We load a dataset of all plays in the 2023 NFL season and we make a column for if a fourth down attempt was attempted and the result of a two point conversion.

In [2]:
all_plays_2023 = pd.read_csv('/Users/MC/Downloads/play_by_play_2023.csv')
all_plays_2023['fourth_down_attempts'] = all_plays_2023['fourth_down_converted'] + all_plays_2023['fourth_down_failed']
all_plays_2023['two_point_conv_result2']= all_plays_2023['two_point_conv_result'].map(lambda x: True if x == 'success' else False)
all_plays_2023

  all_plays_2023 = pd.read_csv('/Users/MC/Downloads/play_by_play_2023.csv')


Unnamed: 0,play_id,game_id,old_game_id,home_team,away_team,season_type,week,posteam,posteam_type,defteam,...,qb_epa,xyac_epa,xyac_mean_yardage,xyac_median_yardage,xyac_success,xyac_fd,xpass,pass_oe,fourth_down_attempts,two_point_conv_result2
0,1,2023_01_ARI_WAS,2023091007,WAS,ARI,REG,1,,,,...,0.000000,,,,,,,,,False
1,39,2023_01_ARI_WAS,2023091007,WAS,ARI,REG,1,WAS,home,ARI,...,0.000000,,,,,,,,0.0,False
2,55,2023_01_ARI_WAS,2023091007,WAS,ARI,REG,1,WAS,home,ARI,...,-0.336103,,,,,,0.515058,-51.505846,0.0,False
3,77,2023_01_ARI_WAS,2023091007,WAS,ARI,REG,1,WAS,home,ARI,...,0.703308,0.340652,3.328642,1.0,0.996628,0.583928,0.661106,33.889407,0.0,False
4,102,2023_01_ARI_WAS,2023091007,WAS,ARI,REG,1,WAS,home,ARI,...,0.469799,,,,,,0.196065,-19.606467,0.0,False
...,...,...,...,...,...,...,...,...,...,...,...,...,...,...,...,...,...,...,...,...,...
48420,4253,2023_19_PIT_BUF,2024011501,BUF,PIT,POST,19,PIT,away,BUF,...,0.097917,0.642515,5.621778,4.0,0.988080,0.249705,0.962465,3.753471,0.0,False
48421,4278,2023_19_PIT_BUF,2024011501,BUF,PIT,POST,19,PIT,away,BUF,...,-0.858869,,,,,,0.968867,3.113294,0.0,False
48422,4322,2023_19_PIT_BUF,2024011501,BUF,PIT,POST,19,PIT,away,BUF,...,-0.316456,,,,,,0.940734,5.926609,0.0,False
48423,4349,2023_19_PIT_BUF,2024011501,BUF,PIT,POST,19,PIT,away,BUF,...,-1.543516,,,,,,0.962551,3.744876,0.0,False


We will use the first 15 weeks of an NFL season as a training set. We are most interested in how often a team goes for a fourth down conversion with more than 5 minutes to go between the NOT between the 30 and 40-yard line. If a team is within 30 yards, it would be more aggressive to try to go for a conversion rather than the safe option of kicking a field goal. Similarly, if a team is beyond the 40-yard line, we want to see how often they go for a conversion on fourth down rather than the safe option of punting the ball.  We note that the 30 and 40-yard line "dead man's zone" is arbitrarily created.
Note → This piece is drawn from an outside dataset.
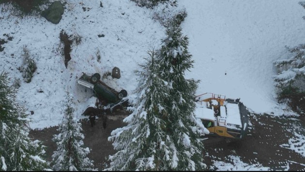Gegen 8 Uhr manövrierte ein 68-Jähriger mit seinem Pkw in der Nähe seines Hauses. Das Fahrzeug kam auf der schneebedeckten Wiese ins Rutschen und stürzte in der Folge einen steilen Abhang hinunter. Dabei überschlug sich der Pkw und kam auf dem Dach liegend an einer Baumaschine, welche unterhalb auf einem Parkplatz abgestellt wurde, zum Stehen.

A future extension of this project is to determine what bounds make the most sense for this area.

In [3]:
plays_2023 = all_plays_2023[['season_type','game_id','week','posteam','side_of_field','game_seconds_remaining','home_team','away_team','yards_gained','yardline_100','down','play_type','pass_length','air_yards','fourth_down_attempts','fourth_down_converted','two_point_attempt','two_point_conv_result2','spread_line','total_line']].copy()
train = plays_2023[(plays_2023["week"] <= 15) & (plays_2023["game_seconds_remaining"] >= 300) & ((plays_2023["yardline_100"] < 30) | (plays_2023["yardline_100"] > 40))].copy()
train['two_point_conv_result2']= train['two_point_conv_result2'].map(lambda x: True if x == 'success' else False)
train = train.fillna(0)

We will create an index called go to determine how often a team goes for a fourth down conversion NOT between the 30 and 40 yard line with more than 5 mins to go. In all a close game with less than 5 minutes left, a team is likely to attempt a conversion regardless of how truly aggresive they are. Between 30 and 40 yards, it is simillar to a no mans land where it makes sense to go for an attempt since the opposing team will still have a lot of yardage to cover in a turnover and your team is likely too far for a field goal attempt. The are between 30 and 40 yards is not defenitive and a possible follow up of this research can model what the true no mans land yardage are should be.

In [4]:
four_down = train[train['down'] == 4].copy()
four_down['play'] = four_down['play_type'].map(lambda x: 1 if x == 'pass' or x == 'run' else 0)
plays = four_down.groupby('posteam', as_index = False).sum(numeric_only = True)
fourths = four_down.groupby('posteam',as_index = False).count()
fourths['go'] = plays['play']
fourths['prop'] = plays['play']/fourths['play']
go = fourths.set_index('posteam')['prop']

In [5]:
teams = pd.DataFrame(train[train['air_yards'] > 20].groupby('posteam').count()['pass_length'])
teams['two_point_attempt'] = train[plays_2023['two_point_attempt'] == 1].groupby('posteam').count()['two_point_attempt']
teams['fourth_down_attempt'] = train[plays_2023['fourth_down_attempts'] == 1].groupby('posteam').count()['fourth_down_attempts']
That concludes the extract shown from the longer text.